Rechtspraak
Rechtbank Noord-Holland (Locatie Haarlem), 26 mei 2025
ECLI:NL:RBNHO:2025:5738
Feiten
Werknemer is op 18 juli 2022 op basis van een arbeidsovereenkomst voor bepaalde tijd bij Schiphol Airport Retail B.V. (hierna: SAR) in dienst getreden en is werkzaam als Sales Assistent. SAR exploiteert elf taxfree-winkels op Schiphol. Door SAR is op tijd aangezegd dat de arbeidsovereenkomst eindigt per 17 februari 2025. Op 21 januari 2025 heeft een gesprek plaatsgevonden tussen werknemer en twee supervisors. In het gesprek is aangegeven dat werknemer een diefstal had gepleegd op 18 januari 2025. Werknemer heeft hierop niet inhoudelijk gereageerd en is vervolgens op staande voet ontslagen wegens diefstal van bedrijfsgoederen. Werknemer verzoekt vernietiging van het ontslag op staande voet.
Oordeel
De kantonrechter oordeelt als volgt. Het verzoek van werknemer tot vernietiging van het ontslag op staande voet wordt afgewezen omdat het ontslag rechtsgeldig is wegens de diefstal van een fles champagne Gold Brignac ter waarde van € 349,90. Uit camerabeelden is op te maken dat werknemer een fles champagne in zijn rugtas stopt en daarmee wegloopt. Werknemer heeft de diefstal ook niet als zodanig ontkend of aangetoond of zelfs maar gesteld dat hij wel heeft betaald voor de fles. De dringende reden wordt ondersteund door de in het geding gebrachte inventarislijst van SAR waaruit volgt dat de fles champagne ontbreekt uit de inventaris van de winkel en dat in het geheel geen betaling is geregistreerd voor de fles. De dringende reden wordt verder ondersteund door de aangifte van SAR tegen werknemer en de conclusies van het OM, dat de diefstal op 18 januari 2025 als een feit ziet. Werknemer is alleen niet strafrechtelijk vervolgd omdat hij al was ontslagen en daardoor genoeg gestraft. Diefstal door een werknemer is in alle gevallen onacceptabel en een dringende reden voor ontslag op staande voet. Zoals SAR terecht heeft aangevoerd, is het belang in deze zaak groter dan alleen de diefstal van deze fles champagne.
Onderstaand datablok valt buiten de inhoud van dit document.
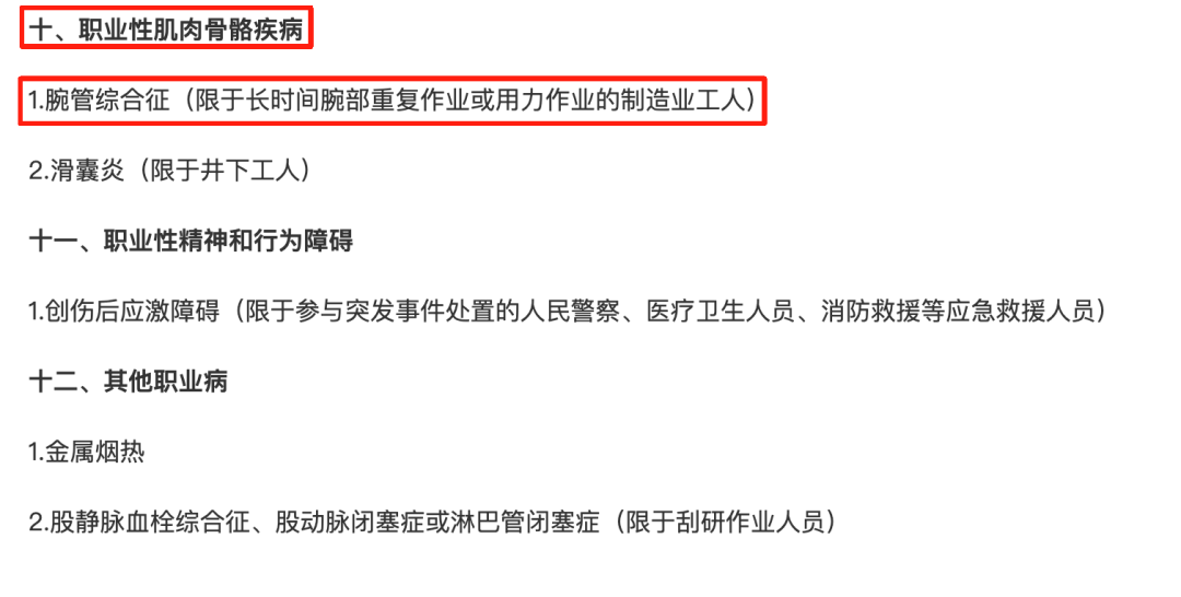 根据目录规定,“职业性腕管综合征”的认定仅适用于长期从事腕部重复性施力作业的制造业工人,如装配线操作工、机械维修工等需持续使用气动工具或高频手工操作的岗位。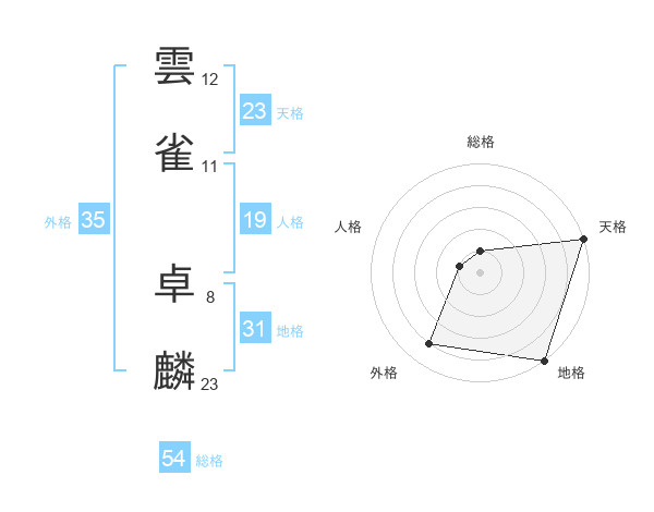 雲雀 卓麟さんを姓名の画数から五運を鑑定

De integriteit van de medewerkers van SAR is cruciaal in de hectiek en drukte van Schiphol. Zij zijn immers de oren en ogen van het bedrijf. Zij zijn getraind om diefstal door de ‘vluchtige’ bezoekers te voorkomen en te herkennen. SAR moet haar medewerkers blind kunnen vertrouwen. Bij diefstal door een werknemer is het ‘ultimum remedium’ dan op zijn plaats. De persoonlijke omstandigheden van werknemer doen niet af aan de dringende reden voor het ontslag. Dat werknemer kostwinner is en de zorg heeft voor een jong kind, zou een extra motivatie moeten zijn om geen diefstal te plegen. Verder was al bij werknemer bekend dat de arbeidsovereenkomst voor bepaalde tijd zou eindigen per 17 februari 2025 en dus nog maar kort zou duren. Ook zonder het ontslag op staande voet zou hij dus op korte termijn zonder werk zijn komen te zitten. Daarbij komt dat zijn vooruitzichten op de arbeidsmarkt goed zijn. Het ontslag op staande voet is dan ook rechtsgeldig gegeven. Omdat tevens sprake is van ernstig verwijtbaar handelen van werknemer is de transitievergoeding niet verschuldigd. Het verzoek van SAR om werknemer te veroordelen tot betaling van de gefixeerde vergoeding van € 2.322,04 wordt toegewezen.